The folly of my North American thinking. Caroline oversaw the restoration work in the autumn, and together we managed the choice of a frame over WhatsApp, but I soon discerned that framing a beautiful piece of art was like taking coffee. One does it in person. Supply chain issues provided an easy excuse over the ensuing six months, and anyway, there was nothing like choosing the right matte in person, standing the luminosity of the Antibes’ ever-present sunlight. So in addition to dealing with the Wi-Fi on our return to Bellevue – the details about how we reconnected the service with a cash tip to an off-duty telecoms employee probably merits a post of its own – so in addition to this early-summer task, I also found myself standing in the bright alleyway of Caroline’s new atelier. Again I sensed her hand and opted for the lightest of three preselected mattes to best show off the beloved sketch.
As we finalized the price during our next-to-last consultation, she jotted down figures. “Vous êtes très gentille,” I said, calling her “kind” as I watched her fee mount and come down again.
“C’est mon deuxième nom,” she said playfully. “Kind” was her middle name.
I laughed, delighted with the outcome of everything, and paused. Now was the right time, if ever. I trembled at how the notion of being the object of a blog post would strike the French artisan, much less how she’d respond to the idea of answering a series of quick, Colbert-esque questions.
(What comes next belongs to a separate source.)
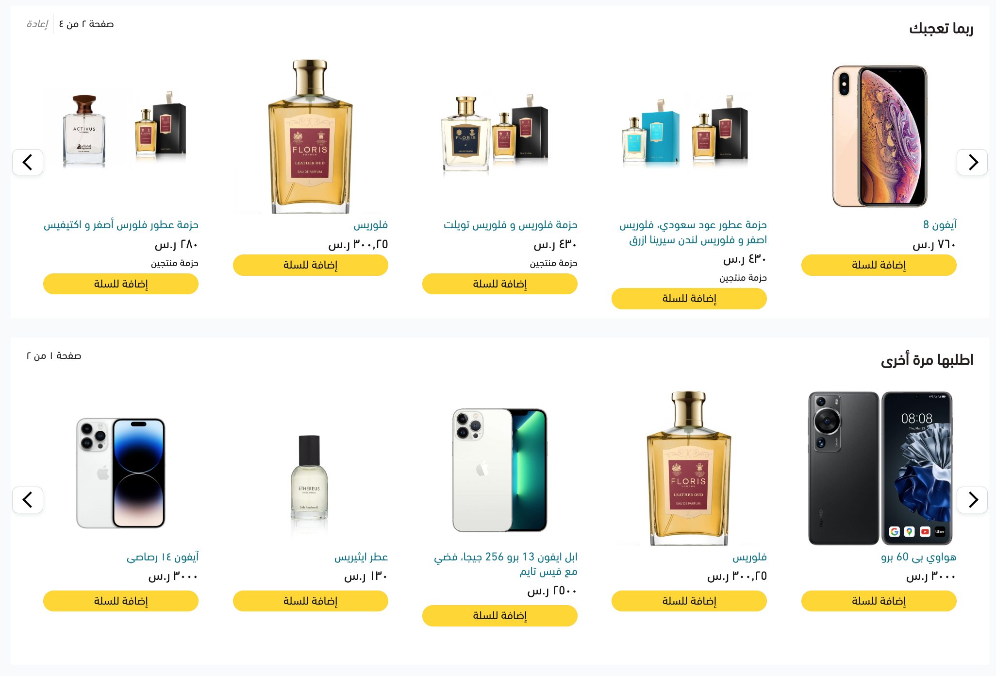 - تقديم توصيات متنوعة مثل «الزبائن اشتروا أيضًا»، «الأكثر مبيعًا»، أو منتجات مستوحاة من تاريخ تصفح المستخدم

L’encadreuse hovered between being intrigued and too busy. Indeed, my penultimate appointment was sandwiched between two others, the following one completely unforeseen, but Caroline had ushered the elderly women into her studio, and as I asked my curious question, the woman sat behind me clutching a broken frame. On my final visit to the atelier, though, as Caroline and I stand together over the beautifully cleaned, mounted, and framed sketch of Bellevue’s front door, she is ready to give me and my American-style questions a go. So, l’encadreuse de Fersen:
Peaches or figs? Figs.
Cats or dogs? Neither.
Jet ski or paddleboard? Paddleboard.
Croissant or pain au chocolat? Neither.
Haute couture or haute cuisine? Les deux! Both of them!
Favourite smell? Jasmine.
Worst smell? Burnt plastic.
Sunshine or thunderstorm? Sunshine, I guess, but neither really.
Morning or nighttime? Morning.
Johnny Halliday or Céline Dion? Neither.
Baguette or saucisson (a dried French sausage)? Baguette. I don’t eat meat.
Sandy beach or pebbly beach? Sandy. I’m too old for la plage de galets! It hurts your feet.
Red wine or rosé piscine? Ça dépend du contexte. If I was a purist, I’d say red wine, but I don’t want to be a hypocrite, so I’ll say rosé. It’s easy in the summer. If the question was white wine or rosé, now that would be a dilemma!
Favourite French word? Magnifique.
Favourite English word? Primavera. I can only think of a favourite word in Spanish!
Favourite place you’ve visited? Un bon bistrot, une bonne table with fresh, authentic products.
Place you want to visit? She searches her mind. Une auberge. I want to sleep on a farm.
I push her. What about other places to visit, like when you go en vacances?
“I don’t want to make a trip of foreign capitals. I like culture with authenticité. La France est magnifique.”
I like the way she uses her favourite word to describe her favourite place. I also realize that once again l’encadreuse has pinpointed our cross-cultural thinking. We must remember the beauty of our own backyards.
Still, for those of us with some degree of wanderlust, I offer comfort: There’s a reason France always tops the list of the world’s best holiday destinations.